Option 5* Allocation to Parties according to the country of departure or destination of an aircraft or vessel. Alternatively, the emissions related to the journey of an aircraft or vessel could be shared by the country of departure and the country of arrival.

Option 6* Allocation to Parties according to the country of departure or destination of passenger or cargo. Alternatively, the emissions related to the journey of passengers or cargo could be shared by the country of departure and the country of arrival.

Option 7* Allocation to Parties according to the country of origin of passengers or owner of cargo.

Option 8* Allocation to the Party of all emissions generated in its national space.

__________




________________________

* Options considered to be less practical because of data requirements or inadequate global coverage.

Considerations regarding allocation and control

28. The experience gained with allocation methods for emissions from other sectors may be instructive. In the case of road transport, emissions are allocated to the Party where fuel is taken in. For other sectors, such as the cement industry, the emissions are allocated to the Party where emissions actually occur. Finally, there is no sector for which the emissions are calculated and allocated in relation to individual persons or goods.

29. In relation to the allocation options for emissions from bunker fuels, the following questions are relevant:

(a) Would it be feasible for the Party to control the emissions allocated to it?

(b) Could the required data be generated with sufficient precision?

(c) Is the method based on the "polluter pays" principle?

(d) Is the method equitable?

(e) Does the allocation method cover all international emissions?

(f) Is the method suitable for all greenhouse gases?

(g) Should the method apply to both aviation and marine emissions?

(h) Does the method provide a suitable basis for making projections?

 

30. In addition to the above points, the following factors could be considered:

(a) If international emissions are allocated to Parties, these Parties would need to decide whether and how to develop control measures. This could be in the form of action at the national level and/or at the level of cooperation with other Parties and/or at the international level;

(b) If the Parties decide not to allocate bunker fuel emissions to specific Parties, the international aviation and marine shipping sector will still need to be considered in relation to Article 4.2 of the Convention. In that case, Parties may need to determine whether and how emissions should be controlled. In this respect, ICAO and IMO may be of assistance;

(c) Also the Parties would need to consider whether to apply allocations retrospectively or as of some future date. For instance, the Parties could make a retrospective correction for international emissions from the reference year 1990 or to any

future year. This could affect whether Parties would meet their national goals and may therefore need further consideration by other Convention bodies;

(d) Option 8 would lead to incomplete coverage at the global level, since emissions over international territories would not be allocated.
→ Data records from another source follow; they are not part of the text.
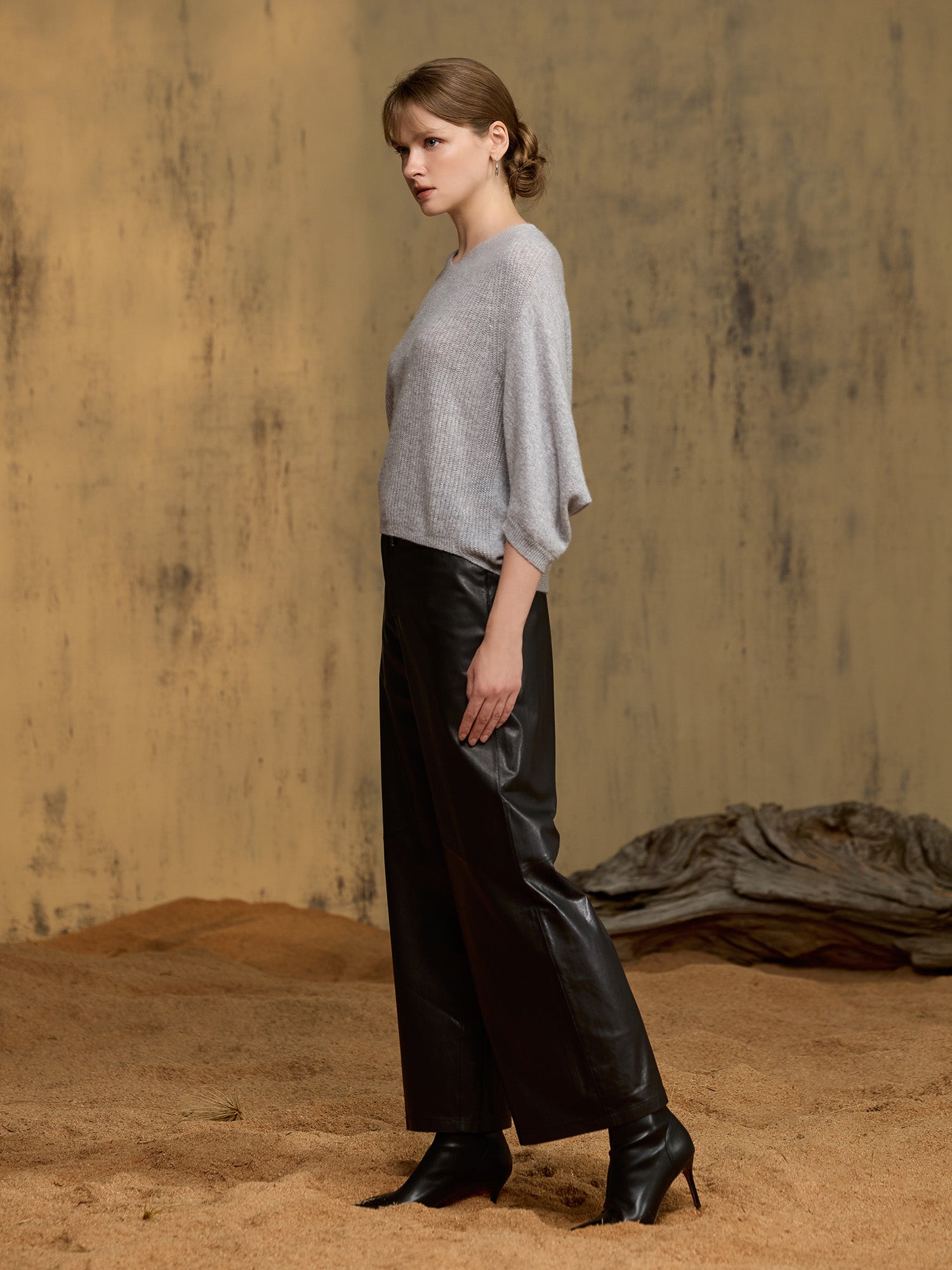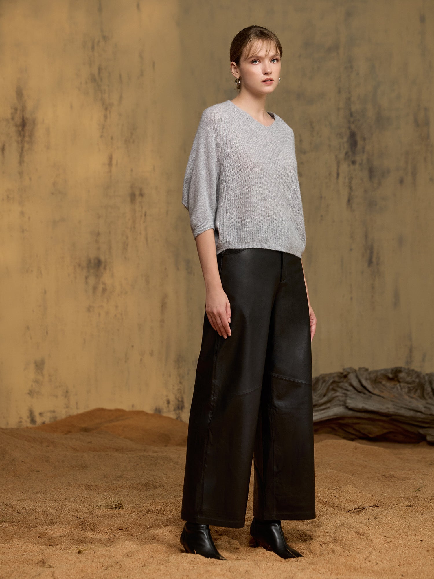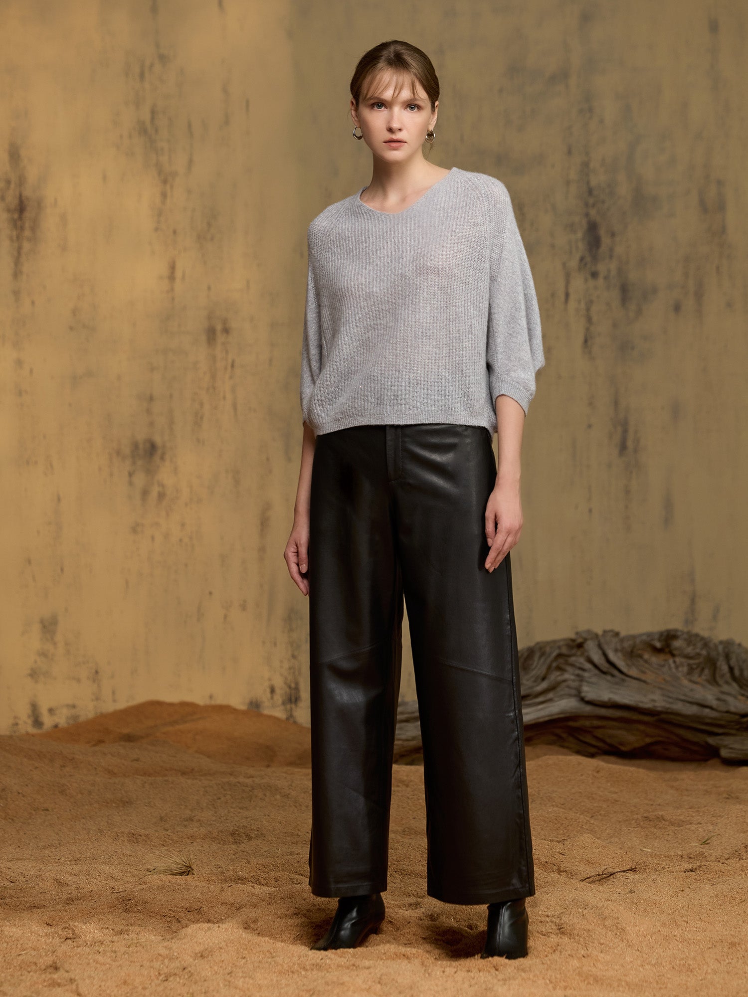 *寬鬆V領針織上衣,落肩搭配七分微寬袖修飾手臂線條,營造纖細感;下擺與袖口以羅紋收邊微微收合,使整體不顯鬆垮,展現休閒品味。
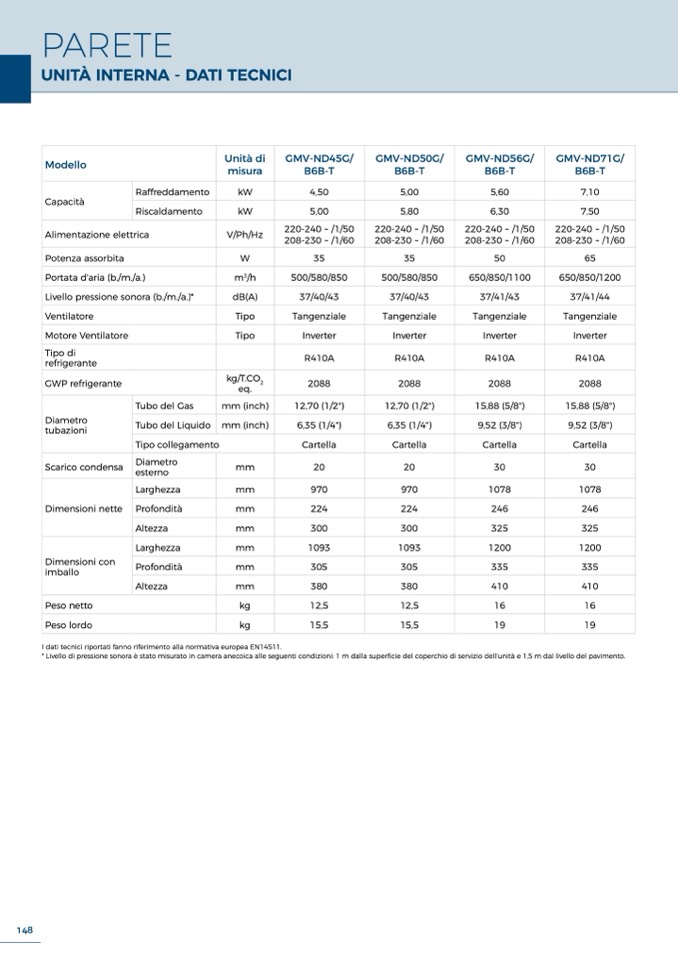 I dati tecnici riportati fanno riferimento alla normativa europea EN14511.
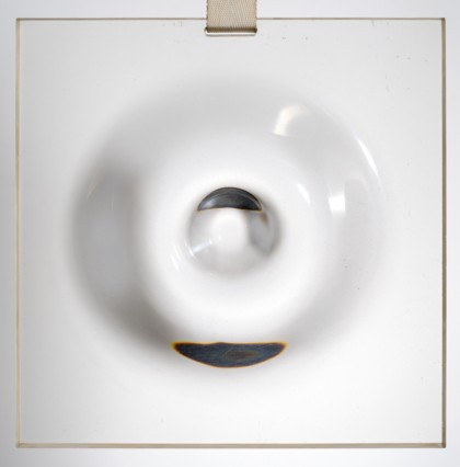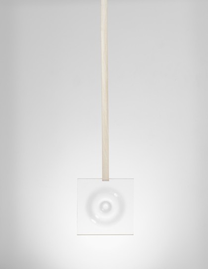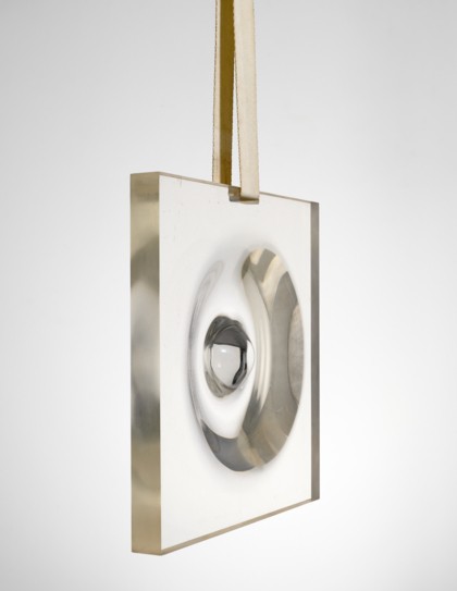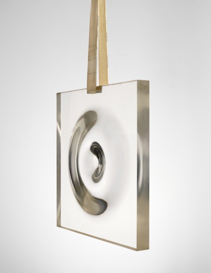 Scultura in materiale plastico trasparente, cinturino in tessuto, cm 35 x 35 x 3

IV. USE OF GLOBAL WARMING POTENTIALS

 

A. Introduction


31. A recommendation concerning GWPs may be found in document FCCC/SBSTA/1996/9 on possible revisions to the guidelines for national communications by Annex I Parties. This section provides background information that Parties may wish to consider regarding GWPs. It contains a brief history of the changes in GWPs and the most recent scientific information. It was developed from information provided by the IPCC.

B. Background


32. The guidelines for the preparation of the first communications by Annex I Parties state: "Parties may choose to use GWPs to reflect their inventories and projections in carbon dioxide-equivalent terms using information provided by the IPCC in its 1992 Supplementary Report, pending the decision of COP 1. While awaiting updated information from the IPCC, any use of GWPs should be based on the direct effects of the greenhouse gases over a 100-year time-horizon. In addition, Parties may also make use of at least one other time-horizon and may also include, separately, data incorporating the indirect effects of methane. This is only the initial focus and, for future communications, indirect effects of other greenhouse gases will have to be looked at, as far as scientific understanding allows" (A/AC.237/55, decision 9/2, annex).

33. At COP 1, it was decided that Parties may use GWPs to reflect their inventories and projections in carbon dioxide-equivalent terms. In such cases, the 100-year time-horizon values provided by the IPCC in its 1994 Special Report should be used. Parties may also make use of at least one of the other time horizons provided by the Panel in its 1994 Special Report (FCCC/CP/1995/7/Add.1).

34. In the first 28 national communications of Parties included in Annex I, all Parties reported the emissions of greenhouse gases in standard units of mass. Sixteen Parties expressed their emissions in carbon dioxide-equivalent terms using 1990, 1992 and/or 1994 GWPs, mostly for the 100-year time-horizon.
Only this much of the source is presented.